Double Precision (IEEE 64-bit):
           raw = 0x46293e5939a08cea
          sign = 0x0
      exponent = 0x462 (99)
   significand = 0x93e5939a08cea

   VALUE CALCULATION =
       significand   (1 + 1300913865115253/2^51  (1.577721810442023642195863430970348417758941650390625))
     * 2^exponent    (2^99)
     = VALUE         (1000000000000000019884624838656)

I learned a lot by writing this tool, and I hope it helps you understand floating-point better. Floating-point numbers don’t have to be that mysterious: they have very specific values as we can see. The trickiness comes from the fact that values get rounded if they can’t be represented exactly; hopefully this tool will make it clear when a value can be represented or not.

For example, one thing that can run you into trouble is trying to add two numbers where one is much larger than the other.
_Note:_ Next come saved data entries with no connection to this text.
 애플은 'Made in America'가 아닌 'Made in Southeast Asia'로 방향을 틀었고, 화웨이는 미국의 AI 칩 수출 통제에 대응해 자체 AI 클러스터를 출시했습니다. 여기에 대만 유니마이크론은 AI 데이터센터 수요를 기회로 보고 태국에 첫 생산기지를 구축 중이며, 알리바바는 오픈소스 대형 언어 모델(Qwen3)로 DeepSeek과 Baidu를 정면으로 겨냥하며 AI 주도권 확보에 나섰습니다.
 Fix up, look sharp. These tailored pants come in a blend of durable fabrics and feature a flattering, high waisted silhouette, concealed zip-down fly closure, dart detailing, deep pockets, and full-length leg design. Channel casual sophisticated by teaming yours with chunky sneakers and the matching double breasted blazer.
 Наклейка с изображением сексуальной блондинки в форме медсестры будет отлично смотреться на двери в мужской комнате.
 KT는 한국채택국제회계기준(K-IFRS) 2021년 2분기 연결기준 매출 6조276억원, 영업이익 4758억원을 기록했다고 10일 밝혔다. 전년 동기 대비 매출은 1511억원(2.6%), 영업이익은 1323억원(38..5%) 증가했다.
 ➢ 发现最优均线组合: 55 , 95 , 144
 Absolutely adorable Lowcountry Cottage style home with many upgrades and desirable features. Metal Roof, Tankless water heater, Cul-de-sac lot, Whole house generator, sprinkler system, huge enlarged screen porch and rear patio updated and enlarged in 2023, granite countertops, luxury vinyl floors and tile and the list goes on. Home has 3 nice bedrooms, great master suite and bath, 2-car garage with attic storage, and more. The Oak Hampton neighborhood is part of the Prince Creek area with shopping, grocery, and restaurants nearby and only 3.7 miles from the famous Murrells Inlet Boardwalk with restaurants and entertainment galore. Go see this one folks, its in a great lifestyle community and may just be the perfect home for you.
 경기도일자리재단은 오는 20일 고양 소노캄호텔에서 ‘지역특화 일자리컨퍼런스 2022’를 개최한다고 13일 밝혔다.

Suppose you wanted to add 1 + 1e-16. The result should be 1.00000000000000001, but can this number be represented in floating-point?

$ ./dumpfp 1.00000000000000001
Single Precision (IEEE 32-bit):
           raw = 0x3f800000
          sign = 0x0
      exponent = 0x7f (0)
   significand = 0x0

   VALUE CALCULATION =
       significand   (1 + 0/2^0  (1.0))
     * 2^exponent    (2^0)
     = VALUE         (1 + 0/2^0  (1.0))

Double Precision (IEEE 64-bit):
           raw = 0x3ff0000000000000
          sign = 0x0
      exponent = 0x3ff (0)
   significand = 0x0

   VALUE CALCULATION =
       significand   (1 + 0/2^0  (1.0))
     * 2^exponent    (2^0)
     = VALUE         (1 + 0/2^0  (1.0))

We see here that the number 1.00000000000000001 can’t be represented in floating-point, and the closest approximation we had available to us was 1.0. We lost the smaller number completely! It’s not that operations like addition are imprecise, it’s that the result of the operation might not be possible to store in a floating-point value, so it rounds to the nearest representable number.